Larger hidden sizes (e.g., 219) yield better feature granularity and separation, with smaller sizes increasing overlap and reconstruction confusion.
The SAE block (two matrix multiplications and a Top-K activation) incurs negligible (<1%) overhead on total generation time and is independent of the number of erased concepts.
Practical and Theoretical Implications
Practically, ItD enables modular, plug-and-play, and non-destructive concept removal on deployed T2I diffusion models, with no need to retrain or fine-tune the underlying networks. The zero-shot discriminative capacity of the SAE provides a mechanism for online, scalable moderation including unforeseen or new concepts, strictly improving safety and compliance for open-ended generative systems.
Theoretically, this work reinforces the viability of post hoc, feature-level interpretability tools (i.e., sparse autoencoders) for semantic steering in high-capacity generative models. The empirical finding that selectivity and completeness of concept removal are maximized via contrastive feature selection, rather than coarse-grained parameter surgery, challenges previously dominant views in model unlearning for generative architectures.
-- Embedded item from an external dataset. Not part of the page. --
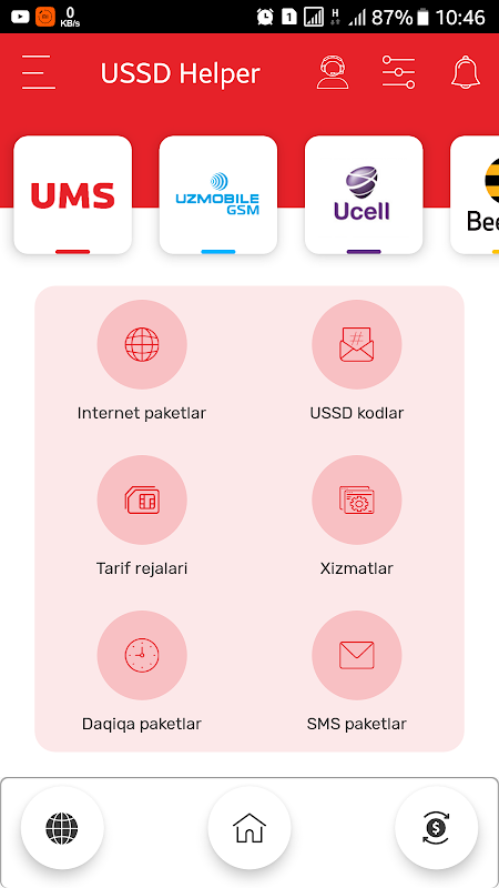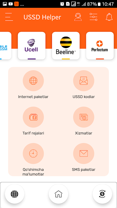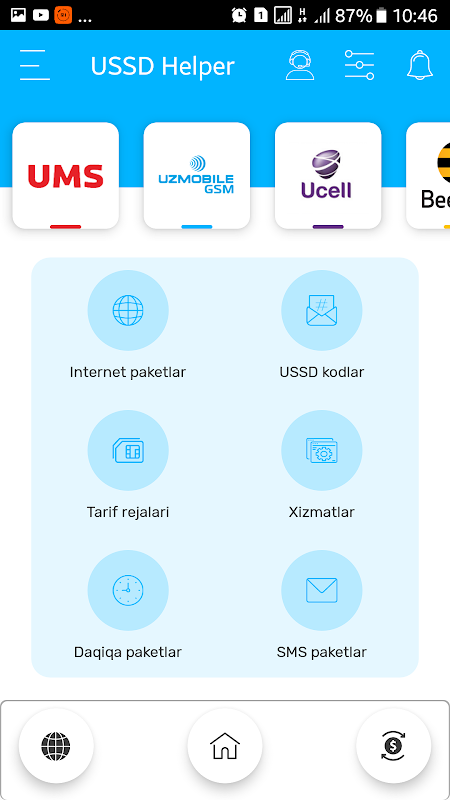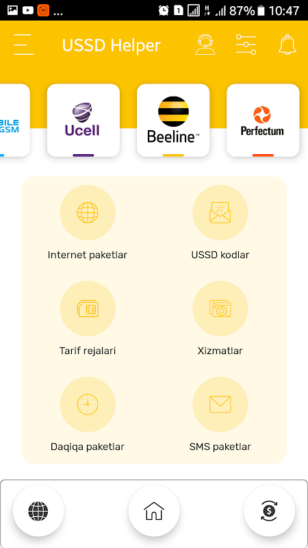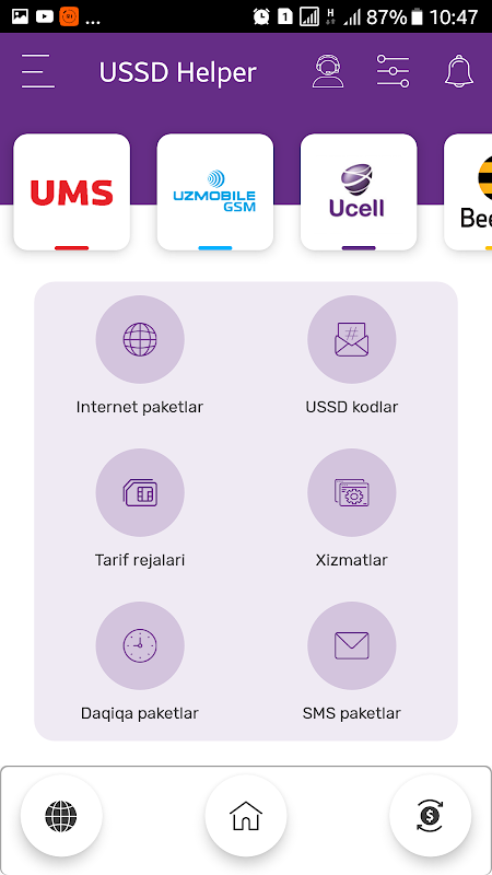 By installing the USSD Helper, you will receive answers to all the questions and the following opportunities from the cellular operators of Uzbekistan - UMS - UMS, Uzmobile - Uzmobile, Ucell - Yussel, Beeline Beeline and Perfectum - Perfectum:

This direction could motivate further research into integrating sparse representations for more granular and dynamic content steering, prompt-time concept manipulation, and fine-resolution bias correction in diffusion models.
Conclusion
This paper presents ItD, a framework embedding sparse autoencoders into the text encoder of T2I diffusion models for efficient, zero-shot, and highly selective concept erasure. By interpreting and deactivating only those features unique to a target concept, ItD prevents generation of unwanted imagery with minimal or no damage to the expressive power and quality on legitimate content. Its scalability, robustness to adversarial attacks, and computational efficiency establish a new benchmark for responsible and practical large-scale concept unlearning in neural generative models.